# Which drop checker would you trust?



## lilirose (8 Nov 2020)

I bought a Blau U-shaped drop checker because I was interested by the shape- it looks really sleek. However, I put 4 dkh solution in it and installed it right next to a more traditional drop checker for comparison's sake, and now (five hours later) they do not agree.

Is the Blau a bust, or is it not a fair test because I didn't put fresh solution in the traditional drop checker today?

(Please excuse the dirty inner glass, am waiting on a delivery of snails and want them to have something to eat when they arrive.)


----------



## RudeDogg1 (8 Nov 2020)

I would of put fresh in both


----------



## lilirose (8 Nov 2020)

RudeDogg1 said:


> I would of put fresh in both



Done. CO2 has just switched off for the day, will update after lights on tomorrow.
If they don't agree tomorrow, I will try the Blau in a high-flow tank (again, next to a traditional one).

Close-up from a minute ago, as I already shared the FTS that would have been demanded had I not posted one above.  I'd say the traditional drop checker looks greener than the Blau already but I could be wrong.



 and see if it's any different.


----------



## Zeus. (8 Nov 2020)

The Blau 'U' Bend one is a poor design as it has limited surface area at the solution level, it will take a long...... time to change colour. Reducing the amount of dk solution in it will reduce the time it takes too turn


----------



## lilirose (8 Nov 2020)

Zeus. said:


> The Blau 'U' Bend one is a poor design as it has limited surface area at the solution level, it will take a long...... time to change colour. Reducing the amount of dk solution in it will reduce the time it takes too turn



I had hoped this would not be the case...it certainly looks nice, but it's a bit pointless if it's many hours behind.

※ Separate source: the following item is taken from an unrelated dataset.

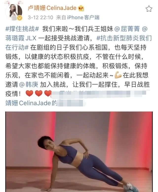 另外,卢靖姗一向是运动达人,在3月12日还上传过与剧组演员屈菁菁、蒋璐霞一起做运动的短片。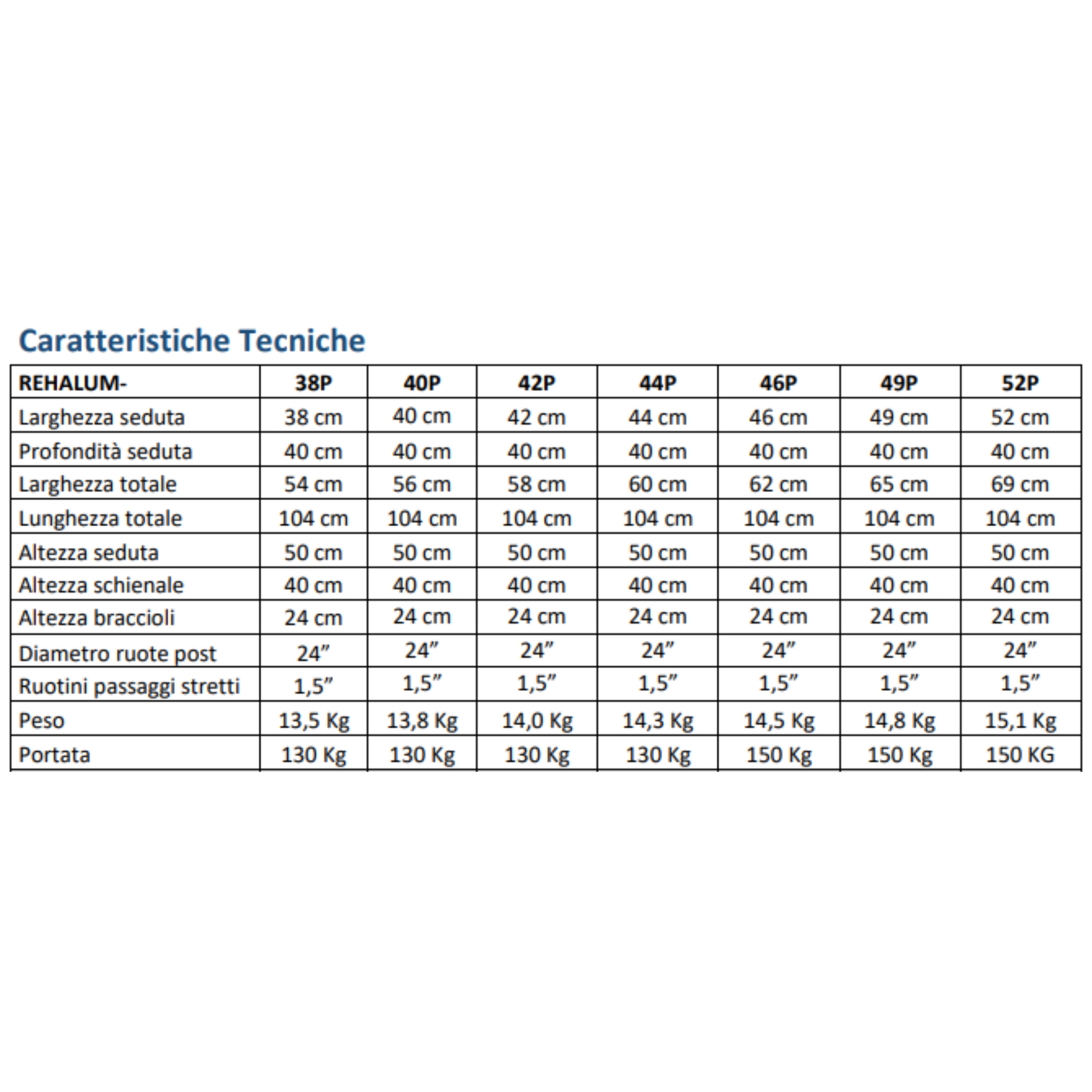REHALUM: carrozzina con telaio in alluminio, pieghevole e offre una configurazione standard con ruote posteriori ad estrazione rapida da 24” con copertone in PU, forcelle in alluminio per le ruote anteriori, braccioli ribaltabili, pedane regolabili e seduta in Nylon imbottito, tasca posteriore per oggetti e cintura di sicurezza garantiscono comfort e sicurezza.

However after 20 minutes the traditional one is definitely changing colour already but the Blau remains...blau.


----------



## Zeus. (8 Nov 2020)

Reducing the dk solution volume by 50% in it will reduce the time it takes to change by half


----------



## lilirose (9 Nov 2020)

This morning's update. Will spare everyone the huge photo, suffice it to say that 2 hours after lights on we still have extreme difference in colour. I'd say the Blau DC is completely useless in this tank. Will repeat the experiment on a high-flow tank because I neither want to bin the Blau checker (it's so pretty!) nor would I sell it to someone else, though if it's as off in the second tank I have no idea what to do with it other than bin it.


----------



## Wookii (9 Nov 2020)

lilirose said:


> This morning's update. Will spare everyone the huge photo, suffice it to say that 2 hours after lights on we still have extreme difference in colour. I'd say the Blau DC is completely useless in this tank. Will repeat the experiment on a high-flow tank because I neither want to bin the Blau checker (it's so pretty!) nor would I sell it to someone else, though if it's as off in the second tank I have no idea what to do with it other than bin it.



Very surprising that! It basically doesn't work at all. I would return it to where ever you bought it as I think you have a fair claim, with evidence, that it's not 'fit for purpose'.

Personally I've tried several of the trendy glass drop checkers, and haven't been impressed with any of them. Though they don't look quite as sleek, I find the JBL ones much easier to read the colour from (white background), and they react fairly quickly as there is a very small trapped gas volume/distance to the solution (I don't bother with the ugly sticker though):


----------



## Zeus. (9 Nov 2020)

Wookii said:


> Very surprising that! It basically doesn't work at all. I would return it to where ever you bought it as I think you have a fair claim, with evidence, that it's not 'fit for purpose'.
> 
> Personally I've tried several of the trendy glass drop checkers, and haven't been impressed with any of them. Though they don't look quite as sleek, I find the JBL ones much easier to read the colour from (whist background), and they react fairly quickly as there is a very small trapped gas volume/distance to the solution (I don't bother with the ugly sticker though):


Use the same one on my 500l


----------



## lilirose (9 Nov 2020)

Wookii said:


> Very surprising that! It basically doesn't work at all. I would return it to where ever you bought it as I think you have a fair claim, with evidence, that it's not 'fit for purpose'.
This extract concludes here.